Some Quotations from the Personal Memoirs of
Ulysses S. Grant (1822-1885)
compiled by Hugo S. Cunningham
first posted 000715
last updated 000715
Source of all quotes listed here:
Ulysses S. Grant, Personal Memoirs of U. S. Grant (edited with notes by E.B. Long, new introduction by William S. McFeely), reprint by Da Capo Press Inc/Plenum Publishing Corp, New York, 1982.
On duelling:
"I do not believe I ever would have the courage to fight a duel. If any man should wrong me to the extent of my being willing to kill him, I would not be willing to give him the choice of weapons with which it should be done, and of the time, place and distance separating us, when I executed him. If I should do another such a wrong as to justify him in killing me, I would make any reasonable atonement within my power, if convinced of the wrong done.

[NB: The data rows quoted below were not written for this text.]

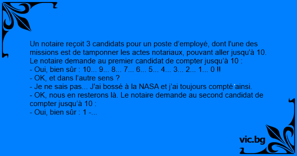 Un notaire reçoit 3 candidats pour un poste d’employé, dont l'une des missions est de tamponner les actes notariaux, pouvant aller jusqu'à 10. Le notaire demande au premier candidat de compter jusqu’à 10 :
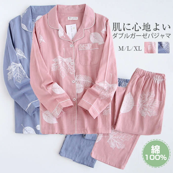 パジャマ レディース 長袖 綿100 ガーゼ パジャマ ダブルガーゼ 春夏 前開き 入院 産後 ルームウェア レディース 夏 部屋着 ナイトウェア 上下セット 送料無料 あす楽 綿100 綿 M L Ll 冬 春 夏 夏用 Pj011swのおすすめ キテミヨ Kitemiyo
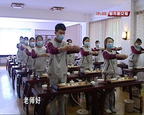 電視臺記者首先來到濟南應用技術職業中等專業學校的茶藝室,課堂上,師生問好改成了行作揖禮。不光是課上,下課之后同學、老師相遇,也是用作揖禮打招呼。
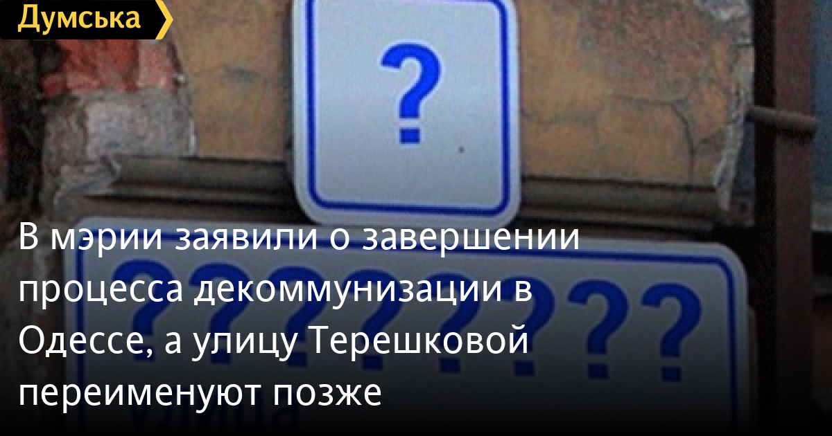 Также юрист пояснила, почему на карте осталась улица Терешковой и заверила, что ее переименование – вопрос времени: «Случилось так, что на момент подписания документа председателем облгосадминистрации в Одессе уже была улица Героев Крут, поэтому их стало две. Для того, чтобы исправить эту ситуацию мы оставили временно название Терешковой. И хотя под действие закона о декоммунизации эта личность не подпадает, тот факт, что она голосовала за аннексию Крыма, будет учтен – в ближайшее время соберутся общественные слушания, и местные жители решат, какое название будет носить их улица. Но могу точно сказать, этого топонима в Одессе не будет».

I place my opposition to duelling on higher grounds than any here stated. No doubt a majority of the duels fought have been for want of moral courage on the part of those engaged to decline."
p. 26
Invokes what would later be called "living Constitution" reasoning to justify suppression of rebellion, 1861-1865:
"The fact is the constitution [of the U.S.A.] did not apply to any such contingency as the one existing from 1861 to 1865. Its framers never dreamed of such a contingency occurring. If they had foreseen it, the probabilities are they would have sanctioned the right of a State or States to withdraw rather than that there should be war between brothers.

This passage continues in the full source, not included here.